大丈夫だとは分かってるけど、やっぱり目の前でダメージを負うヘラクロスを見てると心配が先行する。とっさに口走ると、ヘラクロスはどこかぱっと明るくなった。今まで見たことない反応に、あれ?と思った俺は、ようやくシジマのおっちゃんが言ってたことが分かった気がした。なるほど、そういう事か。あはは、ホント俺ってモンスターボールばっか見てたんだな。崩しかけたバランスを立て直し、こくりと頷いたヘラクロスは今度こそとネイティオに飛び込んだ。モンスターボールがあるなら、HP表示で大丈夫だって一目瞭然だから、今までの俺だったら絶対に言わない一言だろう。言ったとしてもそれは目の前にいるポケモンに向けて直接言った言葉じゃない。そっか、難しいなあ。ちょっとは変われたかなー、と思うとうれしくなった。ネイティオには効果バツグンの技だ。さすがに一撃で倒れるとまではいかなかったけど、強烈な先制をお見舞いできたから、にいと笑ってやる。ブラックは舌打ちした。

「岩雪崩も憶えてないのかよ」
「オイラだって出来るんならストーンエッジ覚えさせたいよ、ちくしょー」

やっぱりブラックなりに岩対策は考えているらしい。余計なことを。それにしても、なんで岩雪崩のわざマシンはタケシジムの景品なんだよ。ストーンエッジはバトルフロンティアの交換アイテムなんだよ。必要な技が今の状態だと入手不可が多いのがストーリーモードの悲しいところだ。まあ覚えていたら最後、ろくに努力値振ってない上に色違いだから能力値はおそらくへっぽこなヘラクロスだ。間違いなく一撃でやられてただろうから、結果オーライだけど。
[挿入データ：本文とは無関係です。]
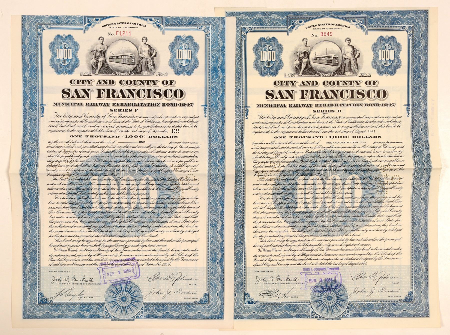 Two Municipal Railway Rehabilitation Bond 1947 issued and paid not cancelled. $1000, BLUE, vignette allegorical figures either side of electric rail car. 1000 in white outline over "$" in blue underprint oval. Embossed seal. Signed Elmer Robinson Mayor. Columbian Bank Note Co printer. #f1211 1 %, series F, due 1955 and #B649 series B 1 1/4 % due 1954.AU Ken Prag Collection

それより、と俺はブラックを見た。なんで先手取れるんだよ、まさかお前もスカーフ組かよ、おい!どっから手に入れた。お母さんの宅急便しか入手経路を知らない俺は思わず叫ぶ。最初からこいつが持っていたんだとブラックは軽く流した。さよですか。ちぇー、バトルフロンティアでポイント稼がなきゃもらえないアイテムだったから、どっかで買えるんなら、もちもの重複させてやろうかと思ってたのにつまらん。やっぱりお母さんに一度聞いてみる出来だなあ、と考えなおした俺は、バトルを続行する。

再び一角をぐるぐると螺旋描いているヘラクロスは、指示を仰いだ。スカーフの制限でこれから出せる技は一つだけしかない。俺は引き続きシャドークローを命じる。なんとか立てる分の蓄積ダメージをうけた状態で繰り出された急所。なんという無駄急所。急所に出やすい技はここ一番って時に限って出ないんだよな。なすすべなくネイティオは倒れたので、ブラックはボールをかざした。

「もういい。戻れ、ネイティオ。少々俺さ………なんだ」
「えー、なんでそこで切る」
「なんでニヤニヤしてるんだよ」
「えーっとさ、胸に手を当ててよく考えてみるといいと思うんだ。そしたらオレ様がマイブームになってる新しい自分に気づくだろ?」
「こい、ゴルバット」
「げ」
「まだ遊び足りない馬鹿がいるようだな。そう簡単には終わらさんぞ」

この時のブラックは、いつになく嬉しそうだったとだけ言っとこうと思う。